I went out to Seattle and made an album.  I surrounded myself with amazing musicians and once again benefited from the generosity of kindred spirits, only under much dryer circumstances.  I fell in love with a part of the country I had long yearned to visit.  I dated strange women and some not-so-strange women in five different cities, and I didn't fall for any of them.  Instead, I fell in love with making music again.  My new album will be out next month and it's nice to feel excited about the process, to be working towards another goal, another destiny.


And maybe - just maybe - I would never have done any of that if not for my time at Uncle Johnny's.  And so I'm grateful for the experience.  I dare say I'm enjoying the journey.  I lived in midtown Manhattan, a place I never thought I would spend more than an hour in without losing my shit.

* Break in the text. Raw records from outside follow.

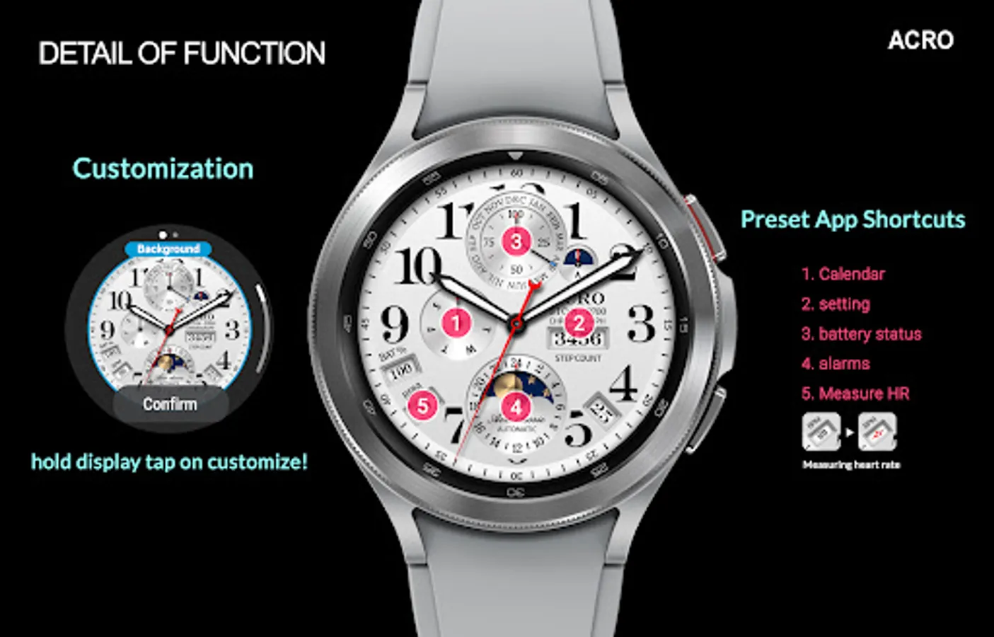 1. Press and hold the watch face > 2. Click the Decorate button > 3. Tap each complication area to set the corresponding information > 4. Click OK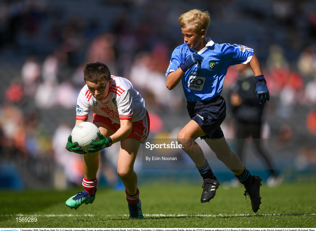 2 September 2018; Tom Ryan, Oola NS, Co Limerick, representing Tyrone, in action against Darragh Booth, Scoil Mhuire, Newbridge, Co Kildare, representing Dublin, during the INTO Cumann na mBunscol GAA Respect Exhibition Go Games at the Electric Ireland GAA Football All-Ireland Minor Championship Final match between Kerry and Galway at Croke Park in Dublin. Photo by Eóin Noonan/Sportsfile
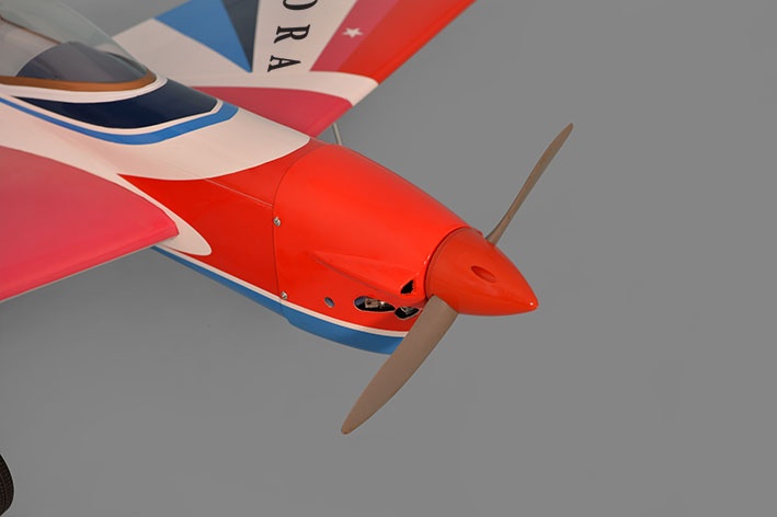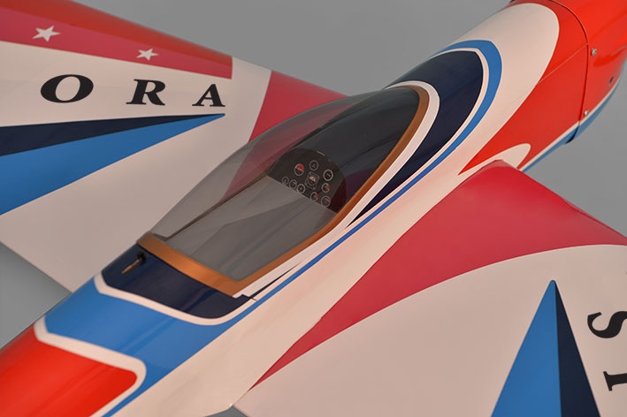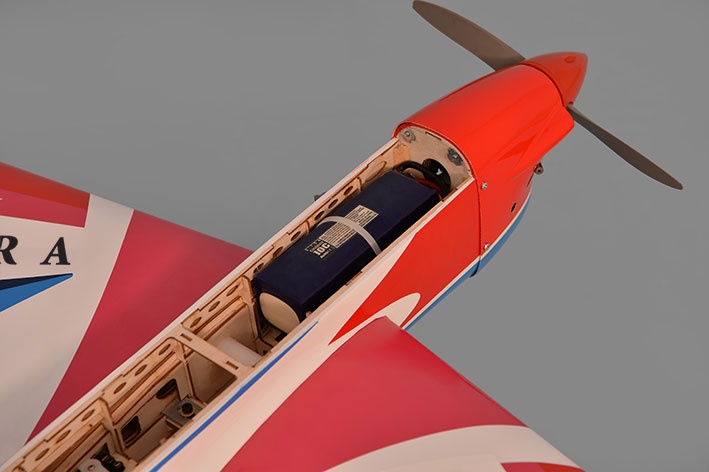 Eigenschaften • Elektro- oder Verbrennerbetrieb möglich • extrem leichte und hochfeste, lasergeschnittene Holzkonstruktion • hoher Vorfertigungsgrad • Bespannung mit Original ORACOVER® Folie • abnehmbare Kabinenhaube aus GFK • inklusive 58mm Spinner aus Kunststoff
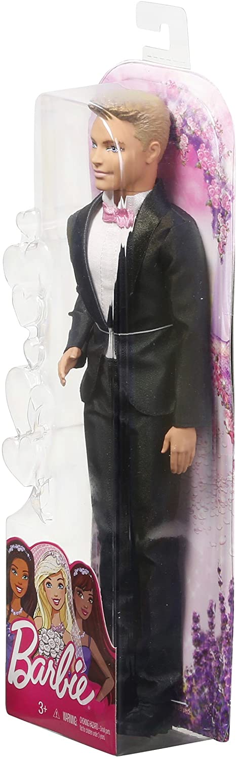 This handsome groom doll is ready to say “I do!” Play out all kinds of wedding stories with Ken doll ready to walk the aisle He’s dressed for the big day in a black tuxedo with a high collar on the white shirt and shimmery lapels on the jacket Black shoes are a classic finish and a pink bowtie adds a modern touch that matches the Bride doll (sold separately) Young imaginations can take this groom doll from proposal to happily ever after Includes Ken doll wearing fashions and accessories Doll cannot stand alone Colors and decorations may vary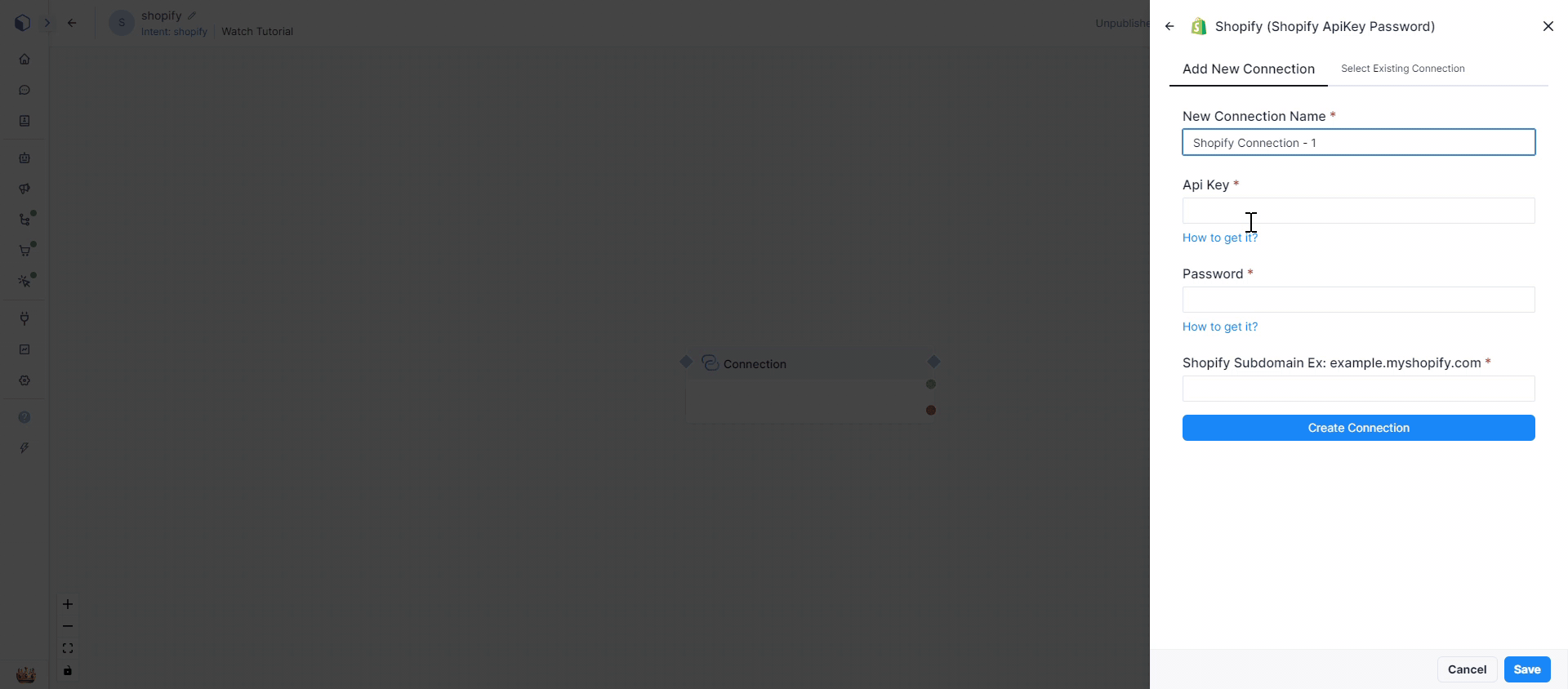 3. If you haven't made any connection, you will have to enter [API Key](#shopify-api-key-and-secret), [Password](#shopify-api-key-and-secret), and Shopify Subdomain and click on **Create Connection**. Once you paste the API Key, Password, and Shopify Subdomain click on Create Connection.

It was pretty fucking awesome.  

It's Last Call at Uncle Johnny's.  We had a great time.  Just one more shot of whipped cream flavored vodka before I go.  Time for another stamp on the passport.  When I tell people about my time here, I won't think about the bugs or the mice or the cheater or the challenges.  I'll think about that GROW sign, I'll think about embracing more adversity, I'll think about this crazy shitty dirty city that I love, that I hate. And I'll think to myself, what a wonderful world.